FYI.
CFP – Special Issue of Fat Studies: An Interdisciplinary Journal of Body Weight and Society on “Fat on the Small Screen: Televising Fat,” edited by Daniel Farr
Proposal deadline: July 10, 2018
Manuscript invitations: July 20, 2018
Manuscript deadline: November 2, 2018
This special Issue of Fat Studies will explore the myriad ways that fat is portrayed and theorized on television. In an era of growing visibility in television programs, fat bodies and identities are portrayed in diverse and sometimes contradictory manners. The spectrum of body type/size and types of programs affiliated with those living fat lives vary from normalization and acceptance, to the medicalization and denigration of fat. This issue seeks to explore the variety of fat identities, imagery, and portrayals found across television programming.
This issue aims to bring together explorations of specific programmatic and story-line focused fat imagery across genre of teen/family/sitcom programming, but to also explore the spectrum of reality-based imagery about fat lives. We hope to examine the often dichotomous, complex, and at times contradictory treatment of fat—is fat to be accepted and treated with respect? Is it to be treated with tolerance? Is it to be rejected? Perhaps there is a spectrum of “acceptable” levels of fat, based on qualitative or even quantifiable measures?
Along with a focus upon the imagery and its meaning, we also seek contributions that examine how audiences are receiving these images. How are consumers watching, thinking about, and seeking out programming about fat? What does this imagery mean to them? Do these programs change how people think about their lives? Does it change their behaviors?
This issue seeks to include contributions from a range of disciplines, methods, and theoretical approaches to forward understandings of the imagery that is being created.
Given the dual goals of this issue to explore fat imagery and audience reception, a variety of topics and programs will be considering, including, but not limited to:
- Analyses of TV programs with a specific focus upon/inclusion of fat character story-lines
- Gendering of fat – how are men portrayed?Women? Comparisons?
- Intersections of fat with race/ethnicity, sexuality, class, etc.
- Reality programming
- Fat imagery of children/teens
- Fat/thin imagery and character arcs
- Cartoon imagery
- Transformations of fat imagery over the history of television
- Global discourses and variations on fat imagery on television
- Audience and consumer responses
To be considered for this issue, please submit a 250-500 word proposal (or full paper draft) and brief bio or vita to Daniel Farr (dfarr4@kennesaw.edu) by July 10, 2018. Any questions about this special issue may also be directed to this email.

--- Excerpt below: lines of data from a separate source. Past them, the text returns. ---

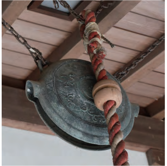
寺社の軒先に吊るされた鰐口

近代以前には多くの寺社の軒先に吊るされていましたが、 はいぶつきしやく 廃仏毀釈や戦争中の供出により数を減らしたと言われています。北海道と沖縄を除く全国に分布しており、浜松市内では文化財指定されたものだけでも18口が知られています。
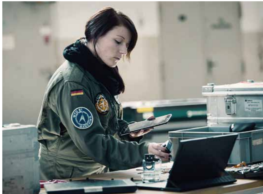
Rüstungsmanagement heute – Dienstleister für die Bundeswehr.

Neben dem Material wird die Bundeswehr in Zukunft noch stärker von vielseitigem und hochqualifiziertem (und damit spezialisiertem) Personal abhängig sein. Die Agenda Attraktivität hat dafür wichtige Grundlagen geschaffen. Langfristig sind weitere ungenutzte Potenziale zu mobilisieren – denn eine zunehmende Technologisierung und Digitalisierung wird Expertise benötigen, über die die Bundeswehr selber nicht verfügt. Weitgehende personelle Autarkie wird nicht mehr das Organisationsprinzip für Personal sein. Daher ist die Durchlässigkeit zwischen Bundeswehr und Wirtschaft zu erhöhen und sind zudem neue Wege der Kooperation zu gehen. Dabei sind die Grundsätze von Transparenz und Compliance handlungsleitend.
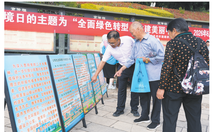
大理州生态环境局祥云分局干部职工向群众讲解环保知识。(摄于6月5日)

当日，祥云县2026年六五环境日宣传活动在县城龙翔公园开展，活动通过设置环保科普展台、悬挂主题横幅、发放宣传资料等形式，面向过往群众普及绿色低碳与生态保护知识，推动环保理念从“口号”走进日常。
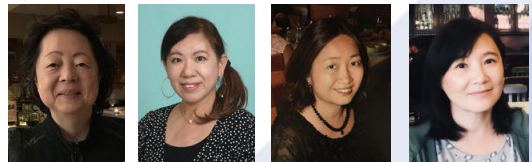
シカゴからの参加者の皆さん(予定)

☆詳細・申込は、チラシかホームページ ( http://danjo.osaka.jo ) をご覧ください。☆
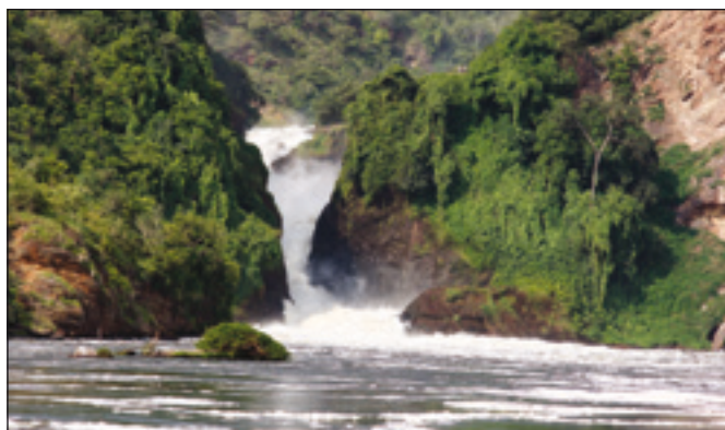
Úchvatná africká příroda
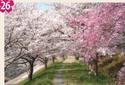
26 紅白桜の並木道 [京北周山町上寺田(京北合同庁舎周辺)]
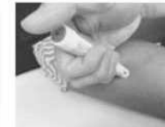
Appuyer fermement le stylo sur la face extérieure de la cuisse
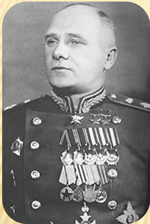
Семен Ильич Богданов (1894-1960) маршал бронетанковых войск, дважды Герой Советского Союза (1944, 1945).
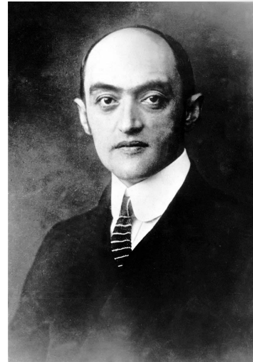
• Й. Шумпетер

Стратегия существует в сознании руководителя в виде перспективы, а именно интуитивного выбора направления движения и предвидения будущего организации. Процесс формирования стратегии можно назвать полусознательным; он базируется на жизненном опыте и интуиции руководителя независимо от того, рождается идея в его сознании или он воспринимает ее извне
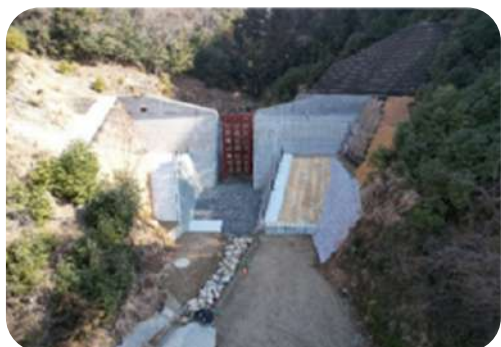
令和5年度広島西部山系矢口川支川溪流遊砂地外工事
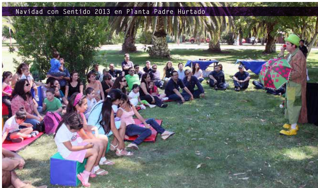
Navidad con Sentido 2013 en Planta Padre Hurtado
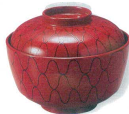
7-177-15 (12024540) ¥4,700 朱/アミメ内黒 黒一日 木質
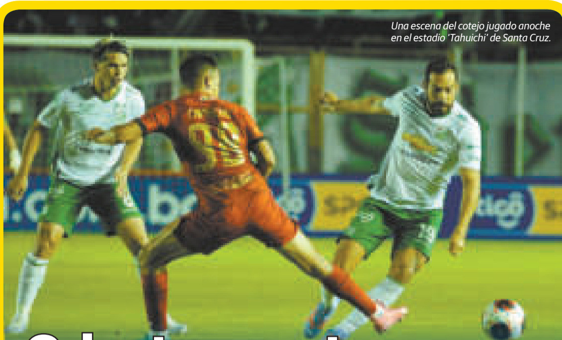
Una escena del cotejo jugado anoche en el estadio 'Tahuichi' de Santa Cruz.
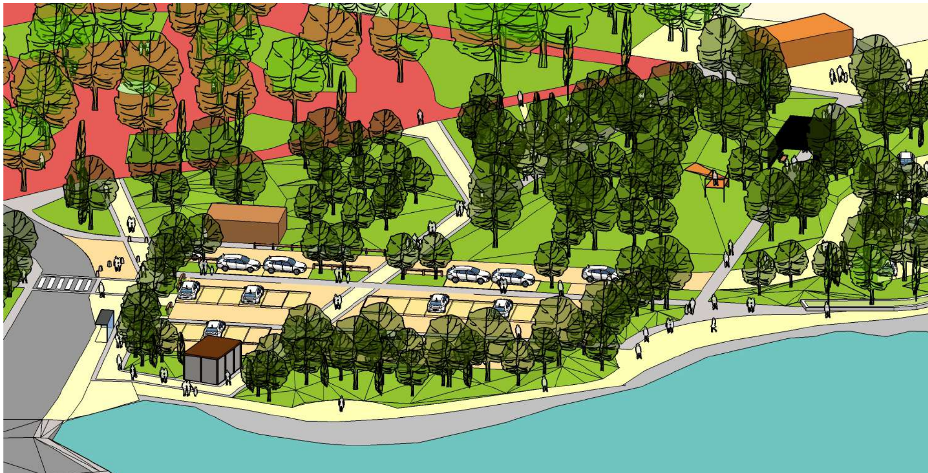
Axonométrie partie ouest version stationnement

Pending proposal acceptance, draft manuscripts will be expected by December 1, 2018. Submission should be between 3,000 and 6,000 words (10-15 pages, size 12 font, double spaced) including all notes and references. Manuscripts will be sent for peer review.
Reproductions of visual images will require permission from the artists/ copyright holders of the image(s). All authors will need to sign a form that transfers copyright of their article to the publisher, Taylor & Francis/ Routledge.
Fat Studies is the first academic journal in the field of scholarship that critically examines theory, research, practices, and programs related to body weight and appearance. Content includes original research and overviews exploring the intersection of gender, race/ethnicity, sexuality, age, ability, and socioeconomic status. Articles critically examine representations of fat in health and medical sciences, the Health at Every Size model, the pharmaceutical industry, psychology, sociology, cultural studies, legal issues, literature, pedagogy, art, theater, popular culture, media studies, and activism.
Fat Studies is an interdisciplinary, international field of scholarship that critically examines societal attitudes and practices about body weight and appearance. Fat Studies advocates equality for all people regardless of body size. It explores the way fat people are oppressed, the reasons why, who benefits from that oppression and how to liberate fat people from oppression. Fat Studies seeks to challenge and remove the negative associations that society has about fat and the fat body. It regards weight, like height, as a human characteristic that varies widely across any population. Fat Studies is similar to academic disciplines that focus on race, ethnicity, gender, or age.